Human Rights Watch called on Western governments to put more pressure on Turkmenistan over human rights.
"International actors have placed high hopes on Turkmenistan’s government as committed to reform. But Zatoka’s arrest and other steps backward in recent months unfortunately prove them wrong and call for redoubled efforts to press for urgent improvements." Observers and human rights activists believe the assault on Zatoka bears all the hallmarks of a ploy by the security services.
“It’s hard to believe that this arrest is coincidental,” said Tajigul Begmedova, who heads the Turkmen Helsinki Foundation based in Bulgaria. “It’s a very sad situation.”
A media-watcher in Ashgabat thinks the arrest of Zatoka was an orchestrated move which the authorities undertook based on a suspicion that he was contacting and working with human rights activists abroad.

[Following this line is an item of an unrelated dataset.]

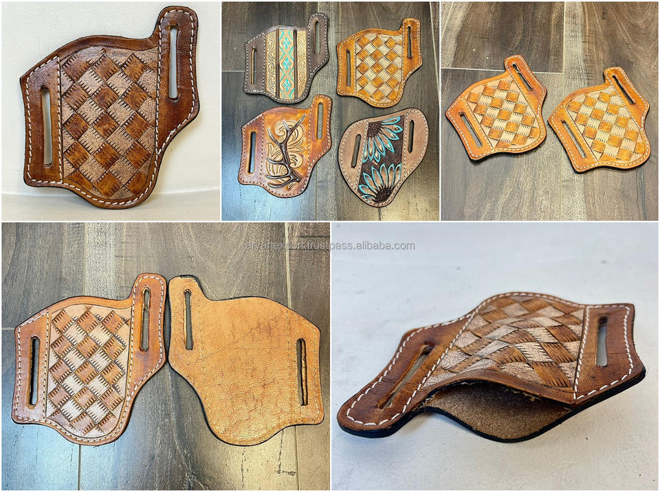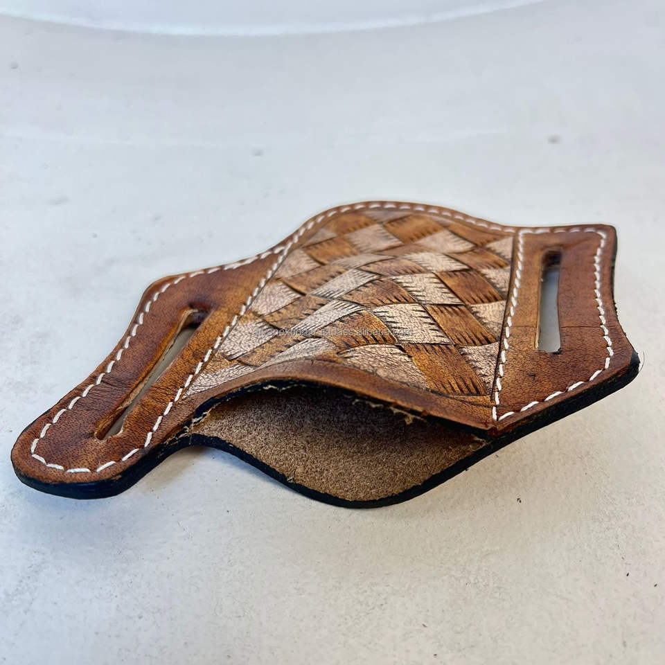 Hot Selling Handmade Checkered Hand Tooled Leather Knife Sheath for Belts High Quality Luxury Genuine Leather Knife Covers

“Although Andrei was not allowed to travel abroad and was effectively under house arrest, the authorities believed that he was cooperating with the Turkmen Human Rights Initiative [in Vienna] because a friend of his from the same area works there,” said the observer, who asked not to be identified, in a reference to Tukhbatullin of the Dashoguz Environmental Club.
The hopes of liberalisation that appeared when current president Gurbanguly Berdymuhammedov succeeded the late Saparmurat Niazov in 2007 have now faded, and the government continues to pressure independent journalists, human rights defenders and other civil society activists. Berdymukhamedov, is expected to travel to France on a state visit next month.
In 2007, the authorities arrested Sazak Durdymuradov, a journalist with RFE/RFL; Gulgeldy Annaniazov, a dissident who had returned to Turkmenistan because he was inspired by the new administration’s pledges of change; and Valery Pal, a civil society activist in the western port of Turkmenbashi, said the Institute for War and Peace Reporting.
In its 2009 report, the Washington-based watchdog Freedom House once again listed Turkmenistan among countries with the world’s worst regimes and poorest human rights records.